2) Make it possible to individualize sage, i.e. I i don't need some of the components, I just can disable them during my work.

Let's say we need package X but we don't need Package Y and the functionalities it provides, it should be possible to deinstall Package Y, and deactivate the functionalities.

I don't know if these are the best solutions, but I'm quite sure, that it should be a discussion about the problem that Sage grows larger and larger, and that it's getting more and more hard to maintain.

Just my 2 cents.

Maarten Derickx said...

A solution to solve your problem with the difference in effort needed to make software for your own research and to make it into a stable sage release might also be to mimic the aproach that debian takes in it's release cycles. They are always maintaining three different versions, stable, testing and unstable.
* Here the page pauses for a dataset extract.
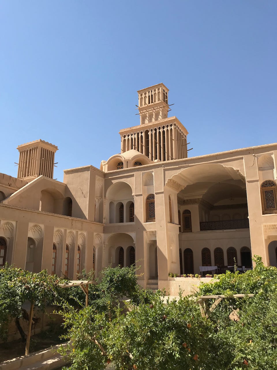 Finally, we wrapped up our roadtrip in Yazd, a city that Marco Polo visited and seems to have greatly enjoyed. I don’t think I’ve been anywhere besides possibly Oxford or Sienna that is so well-preserved as a premodern cultural site. The architecture both in the city and in the extremely arid region around it still preserves the ancient Persian architecture of qanats and Windcatcher towers designed to channel water and cool air through one of the hottest places on earth.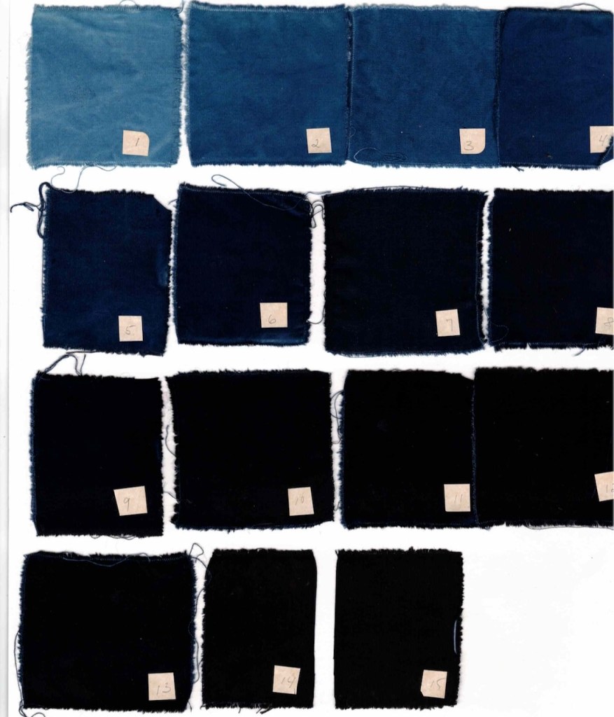 Indigo on cotton cloth: 1-15 ten-minute dips. May 2020

The ``fork'' you suggest could play a similar role as unstable in the debian release cycle: http://www.debian.org/releases/.

An argument for this model is that it has proved to work for several years at another large scale open source project.

An advantage (and maybe disadvantage) of this model is that there will be more pressure/motivation to get the research code into stable at a certain moment then in the "fork" model.

Maarten Derickx said...
This comment has been removed by a blog administrator.
Mike Hansen said...

Another possibility is to maintain a somewhat public patch queues like is done with http://combinat.sagemath.org/patches/ which has worked fairly well for developing unstable code while still making it available to others and making it easy to contribute patches back to main Sage.

Tim said...

For a good mind map program for OS X, I recommend MindNode. There's a free version which would probably be fine for mind maps like this. I'm using MindNode Pro and MindNode Touch for my work.